━━ MATERIALS PROVIDED ━━

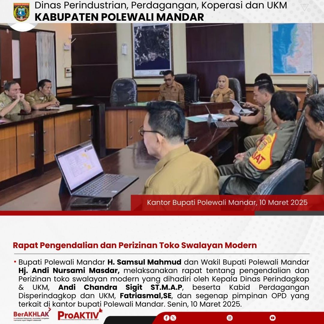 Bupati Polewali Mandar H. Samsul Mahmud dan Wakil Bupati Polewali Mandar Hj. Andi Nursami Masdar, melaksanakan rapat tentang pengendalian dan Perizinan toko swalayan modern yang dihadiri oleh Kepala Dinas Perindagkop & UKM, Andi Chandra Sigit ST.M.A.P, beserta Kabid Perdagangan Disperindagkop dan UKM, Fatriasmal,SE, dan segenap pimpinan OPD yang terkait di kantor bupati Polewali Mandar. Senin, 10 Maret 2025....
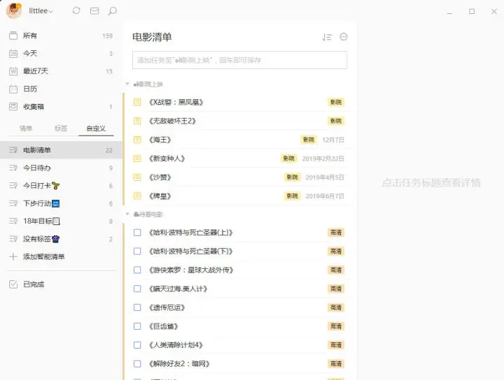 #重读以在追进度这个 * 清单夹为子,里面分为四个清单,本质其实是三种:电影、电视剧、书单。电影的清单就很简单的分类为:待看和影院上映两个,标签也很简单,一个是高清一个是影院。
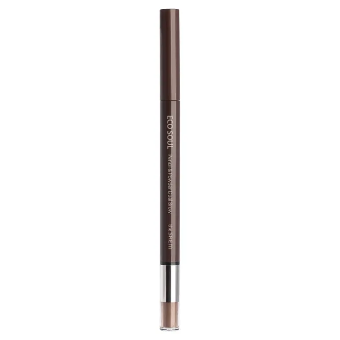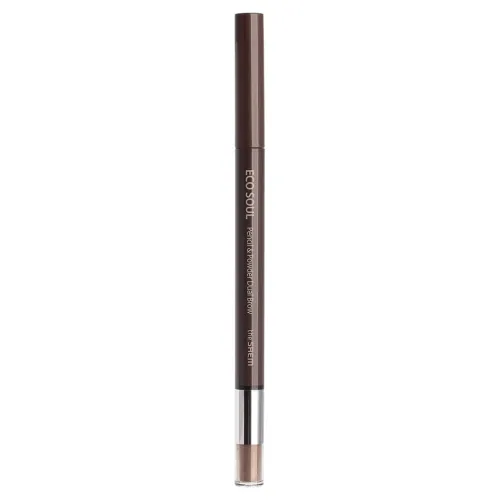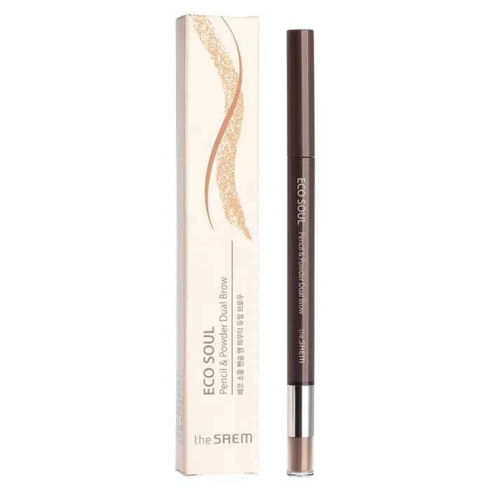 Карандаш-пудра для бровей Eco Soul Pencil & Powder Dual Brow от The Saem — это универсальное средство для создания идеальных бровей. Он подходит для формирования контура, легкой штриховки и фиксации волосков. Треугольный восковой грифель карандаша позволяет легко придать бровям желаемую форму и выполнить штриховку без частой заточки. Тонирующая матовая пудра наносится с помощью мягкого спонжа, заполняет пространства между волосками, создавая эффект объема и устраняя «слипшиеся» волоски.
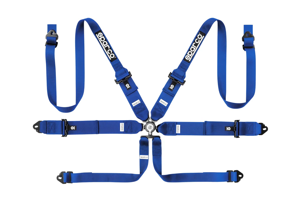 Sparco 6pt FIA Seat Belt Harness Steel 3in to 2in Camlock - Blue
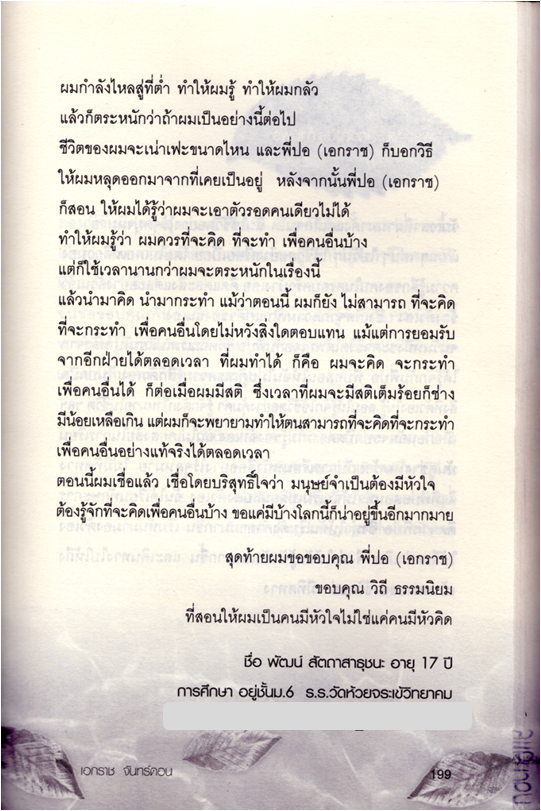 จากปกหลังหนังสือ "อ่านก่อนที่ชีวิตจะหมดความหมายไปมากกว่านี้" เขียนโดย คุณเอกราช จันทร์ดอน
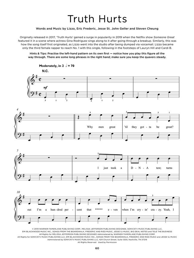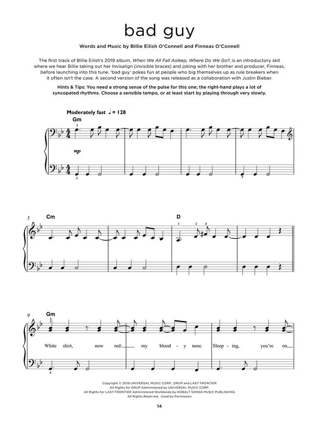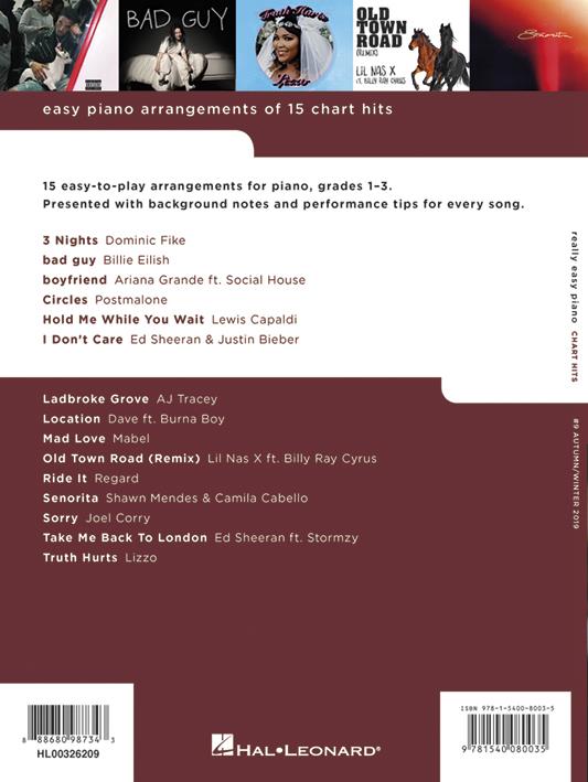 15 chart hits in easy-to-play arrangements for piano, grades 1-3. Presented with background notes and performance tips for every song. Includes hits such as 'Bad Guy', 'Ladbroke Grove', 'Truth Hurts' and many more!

━━━

■ WORK ORDER:
What is needed is an exact copy of every record above, minus the images.

■ WRITTEN ANSWER:
 Bupati Polewali Mandar H. Samsul Mahmud dan Wakil Bupati Polewali Mandar Hj. Andi Nursami Masdar, melaksanakan rapat tentang pengendalian dan Perizinan toko swalayan modern yang dihadiri oleh Kepala Dinas Perindagkop & UKM, Andi Chandra Sigit ST.M.A.P, beserta Kabid Perdagangan Disperindagkop dan UKM, Fatriasmal,SE, dan segenap pimpinan OPD yang terkait di kantor bupati Polewali Mandar. Senin, 10 Maret 2025....
 #重读以在追进度这个 * 清单夹为子,里面分为四个清单,本质其实是三种:电影、电视剧、书单。电影的清单就很简单的分类为:待看和影院上映两个,标签也很简单,一个是高清一个是影院。
 Карандаш-пудра для бровей Eco Soul Pencil & Powder Dual Brow от The Saem — это универсальное средство для создания идеальных бровей. Он подходит для формирования контура, легкой штриховки и фиксации волосков. Треугольный восковой грифель карандаша позволяет легко придать бровям желаемую форму и выполнить штриховку без частой заточки. Тонирующая матовая пудра наносится с помощью мягкого спонжа, заполняет пространства между волосками, создавая эффект объема и устраняя «слипшиеся» волоски.
 Sparco 6pt FIA Seat Belt Harness Steel 3in to 2in Camlock - Blue
 จากปกหลังหนังสือ "อ่านก่อนที่ชีวิตจะหมดความหมายไปมากกว่านี้" เขียนโดย คุณเอกราช จันทร์ดอน
 15 chart hits in easy-to-play arrangements for piano, grades 1-3. Presented with background notes and performance tips for every song. Includes hits such as 'Bad Guy', 'Ladbroke Grove', 'Truth Hurts' and many more!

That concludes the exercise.